Anyone who is familiar with The Eric Andre Show would recognize the iconic set on stage; consisting of Eric’s desk, a frumpy chair for guests, and a refrigerator. Next to each set piece was a tray of either cheese balls, pies or ranch, which would end up on lucky audience members. 

The opener, DJ Dougpound, performed a sort of soundboard-enhanced stand-up while wearing a bright yellow jacket, and hair that matched his white khakis. He performed stand-up that was intertwined with audio drops and remixes of his own jokes; when a joke didn’t land right, he would follow it up with an earnest recording of himself singing “I hope you like my joke” or a laugh track to outperform the audience. 

You can expect an unexpected entrance from Eric Andre: accompanied by the most avant-garde jazz possible, he body-slammed his desk, shattering it into pieces. The audience welcomed the various foodstuffs thrown onto them by Andre, as bathing his fans in ranch is his love language. Sweat pours down his royal blue suit as he catches his breath on the new desk, which was quickly replaced by trotting Salt Shed staff during the chaos. 

The next hour was one of the most unique, jarring, and engaging comedy performances one could ever see. After a short monologue consisting of irony and purposefully stale punchlines, Andre asks, “Who wants to get sexy?!”, while he beckons a fan onto the stage, stripping him of his shirt, and proceeding to tie them up to a medieval rack looking device. While on the huge screen above the stage was a clip of Janet Jackson giving her fans a lap dance as they’re tied up in a similar fashion, on stage Andre flailed his body onto the shirtless fan – who moaned with laughter and joy the entire time — setting the bar high for the following segments. 

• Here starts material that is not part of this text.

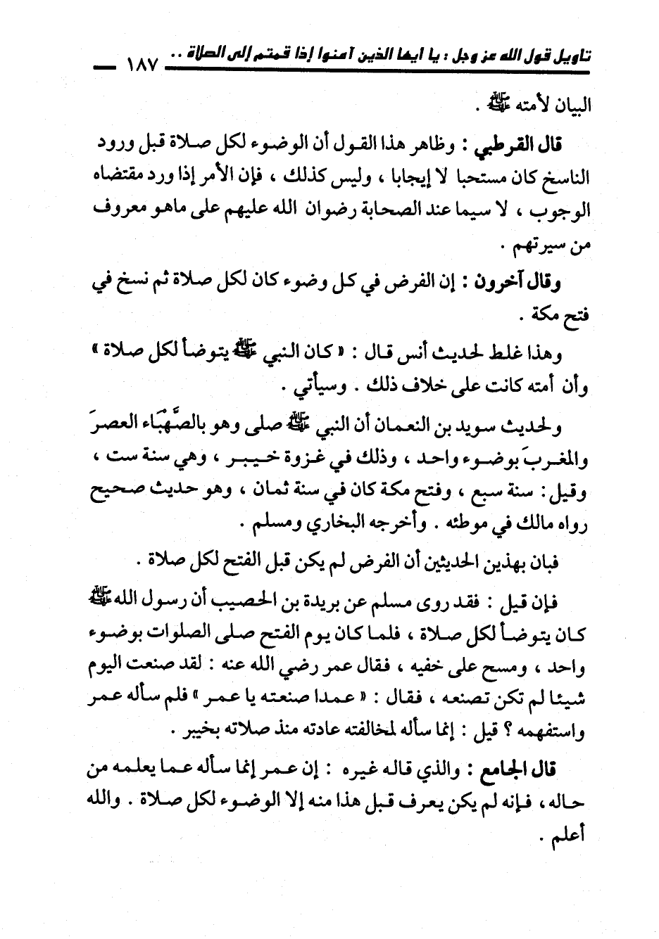 قال القرطبي: وظاهر هذا القول أن الوضوء لكل صلاة قبل ورود الناسخ كان مستحبا لا إيجابا، وليس كذلك، فإن الأمر إذا ورد مقتضاه الوجوب، لا سيما عند الصحابة رضوان الله عليهم على ما هو معروف من سيرتهم.

Fans were asked to participate in almost every aspect of the show, and soon, Andre had volunteers bringing their phones up so he could text and call their exes or moms. The screens of fan’s phones were projected for everyone to see, giving audiences the ability to feel all the tension as Eric texted someone’s ex-boyfriend awkward and mindless flirts; later breaking the news to the boyfriend by FaceTiming him in front of the entire venue. 

I would not be surprised if Eric’s entire tour was sponsored by Hidden Valley, as ranch was poured on fans throughout the show, with some fans even coming “pre-ranched” (bringing their own ranch from home). A highlight of the night was the ranch drinking contest, where three rabid fans hopped the gates to the stage to participate in exactly what it sounds like. One fan doubled over after half a bottle, another finished a bottle and a half, and the last drank two bottles like water and went in for another before Andre stopped him. After the show, I caught one of the competitors dressed in a neon crop top stained with ranch who identified himself as Andrew.  As I asked him how he felt after consuming a bottle and a half of ranch, he said “sick.” Figures.

Although the show was brief —  starting at 7 with Andre giving his goodbyes by 8:30 — the procession of people leaving was orderly and murmuring with contentment. His fans were satisfied, as if finally reaching the itch that only Andre’s antics could scratch. As for myself, I was satisfied knowing my stomach was not filled with a liter of ranch, and I expect the majority of the attendees were too.